*** Opening of COLLECTED MATERIAL ***

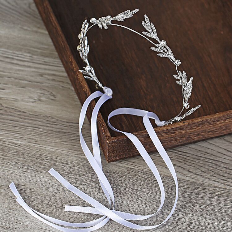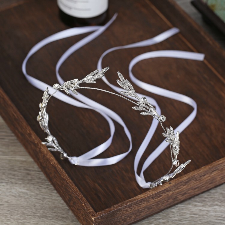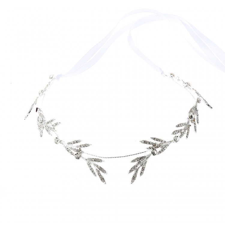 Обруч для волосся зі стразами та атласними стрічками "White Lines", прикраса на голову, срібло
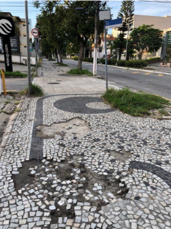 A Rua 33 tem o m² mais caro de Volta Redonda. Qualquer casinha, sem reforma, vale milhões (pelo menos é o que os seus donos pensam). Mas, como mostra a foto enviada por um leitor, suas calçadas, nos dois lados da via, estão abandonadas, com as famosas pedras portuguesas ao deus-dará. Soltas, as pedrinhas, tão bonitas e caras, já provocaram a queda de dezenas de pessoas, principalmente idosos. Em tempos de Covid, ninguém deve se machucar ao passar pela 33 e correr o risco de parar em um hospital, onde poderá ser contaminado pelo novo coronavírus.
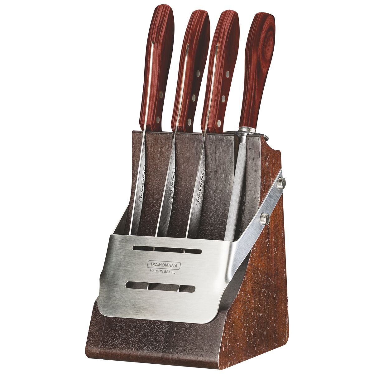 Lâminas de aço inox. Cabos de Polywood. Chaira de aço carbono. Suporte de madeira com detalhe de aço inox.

*** Close of COLLECTED MATERIAL ***

__PROBLEM DESCRIPTION__:
Apart from the pictures, every line above must be printed exactly.

__TASK RESULT__:
 Обруч для волосся зі стразами та атласними стрічками "White Lines", прикраса на голову, срібло
 A Rua 33 tem o m² mais caro de Volta Redonda. Qualquer casinha, sem reforma, vale milhões (pelo menos é o que os seus donos pensam). Mas, como mostra a foto enviada por um leitor, suas calçadas, nos dois lados da via, estão abandonadas, com as famosas pedras portuguesas ao deus-dará. Soltas, as pedrinhas, tão bonitas e caras, já provocaram a queda de dezenas de pessoas, principalmente idosos. Em tempos de Covid, ninguém deve se machucar ao passar pela 33 e correr o risco de parar em um hospital, onde poderá ser contaminado pelo novo coronavírus.
 Lâminas de aço inox. Cabos de Polywood. Chaira de aço carbono. Suporte de madeira com detalhe de aço inox.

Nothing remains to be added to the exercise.